Quote:
Original post by Quasimojo Quote:
Original post by KhaiyAnd since the wealthy have had everything to do with depressing real wages of the middle and lower classes while their own income has skyrocketed, why shouldn't they bear at least a slightly higher cost? Particularly on things that we all, as a nation, use?
So what you're saying is that it is *not* in the best interests of stock holders for a company to employ loyal, satisfied lower- and middle-class employees?
Where wages are concerned, the wealthy are no more in control than the labor force. If you want to produce a better product or service, you pay your workers enough to both make them content enough to maintain product/service quality and keep them from taking a better deal with your competitors. It's a core concept of free enterprise. Where the fly enters the ointment is when the government steps in to regulate business or help labor unions to strong-arm the employers. That upsets the balance.
It's in the interest of stockholders to keep employees on staff, yes. But it's even more in the interest of stockholders to minimize costs (like wages) and maximize profits. Money that goes into a dividend for stockholders or into salaries for executives is money that doesn't go to wages, and doesn't help spending power for the workers who actually do the things that the company itself provides to consumers.
When a company sends jobs overseas and lays off employees who are now redundant, where do you think that the increased revenue goes? Some to remaining employees, perhaps, but much more to investors and executives. The act of moving jobs overseas drives wages down for those who stay in America. Executives at companies don't have to allocate that money that way, but they do.
And increasing vertical and horizontal consolidation of industries dramatically increases the power that those at the head of large firms have, and reduces the opportunity for consumers to affect change in the market while also providing fewer opportunities for workers to find another company to work for that might offer a different deal.
Some industries need to be regulated. Financial firms, drug companies, and food manufactureres haven't shown themselves to be very trustworthy in self-regulation. The government may not be much better at regulation, but what other alternatives are there? How many companies in the last decade have run on fraud and fantasies, resulting in executives who run off rich and devastation for everyone else?
Collective bargaining can produce unfavorable results (like with auto worker unions in the US), but unions are often the only real defense that workers have against unfair treatment by employers.

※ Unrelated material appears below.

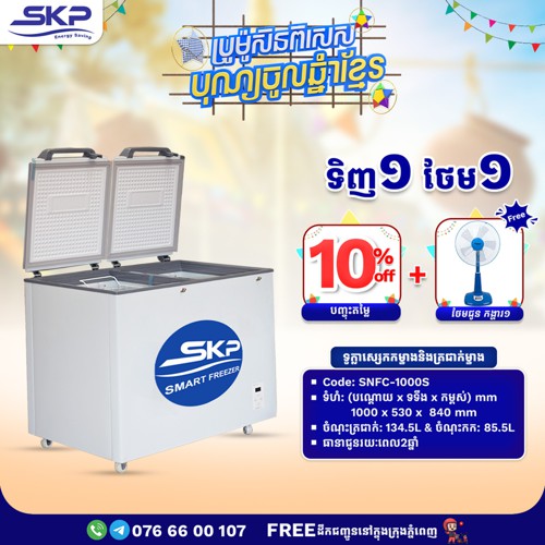 ទូក្លាស្សេឆ្លាតវៃ (ត្រជាក់ម្ខាង និង កកម្ខាង) - SMARTFREEZER ម៉ូដែល ៖ SNFC-1០00S

In a strong economy workers may have lots of options of where to work. But in a flagging one, they don't. Workers have to settle for fewer hours per pay period now, and lower pay besides. When the company wants more out of them, they just have to threatent to fire them. Meanwhile, executive pay is at all time record levels. How can anyone other than the executives themselves alter this in any way?
You seem to be thinking in line with the core concepts of free market theory, but there's more than just that chapter in an economics textbook. Market failures exist, and lasseiz faire doesn't always produce an optimal outcome. And the "balance" that you cite has been shifting in ways that would be hard to describe as optiaml.
Quote:
Original post by Quasimojo
Most of us have every opportunity we need to attain the position where it is less of a burden, as you describe. Sure, it would be a longer road for some than others, but that's life for you. It's not meant to be everyone's burden.
But it's inherently impossible that everyone will. There are only so many jobs that provide the level of income you're describing. There are fewer CEOs than Vice Presidents, and fewer Vice Presidents than middle managers, and fewer middle managers than rank-and-file employees. While opportunity may be abundant (though by no means equal) for most people, there just aren't enough positions for everyone to strike it rich, or even comfortable. That's life for you.
But I'm not saying that income distributions need to be equal. Just that the rich not get record high income and record low taxes on it while those who can't, didn't, or haven't made it there yet get less than ever, despite working more and harder than before.
When general wealth rises then taxation can be less of a burden on everyone. But that's not where we are now. In your own words, it's not meant to be everyone's burden. So why shouldn't the group that currently has record income and record low taxes take on slightly more of it, if they don't want to give others the ability to pay?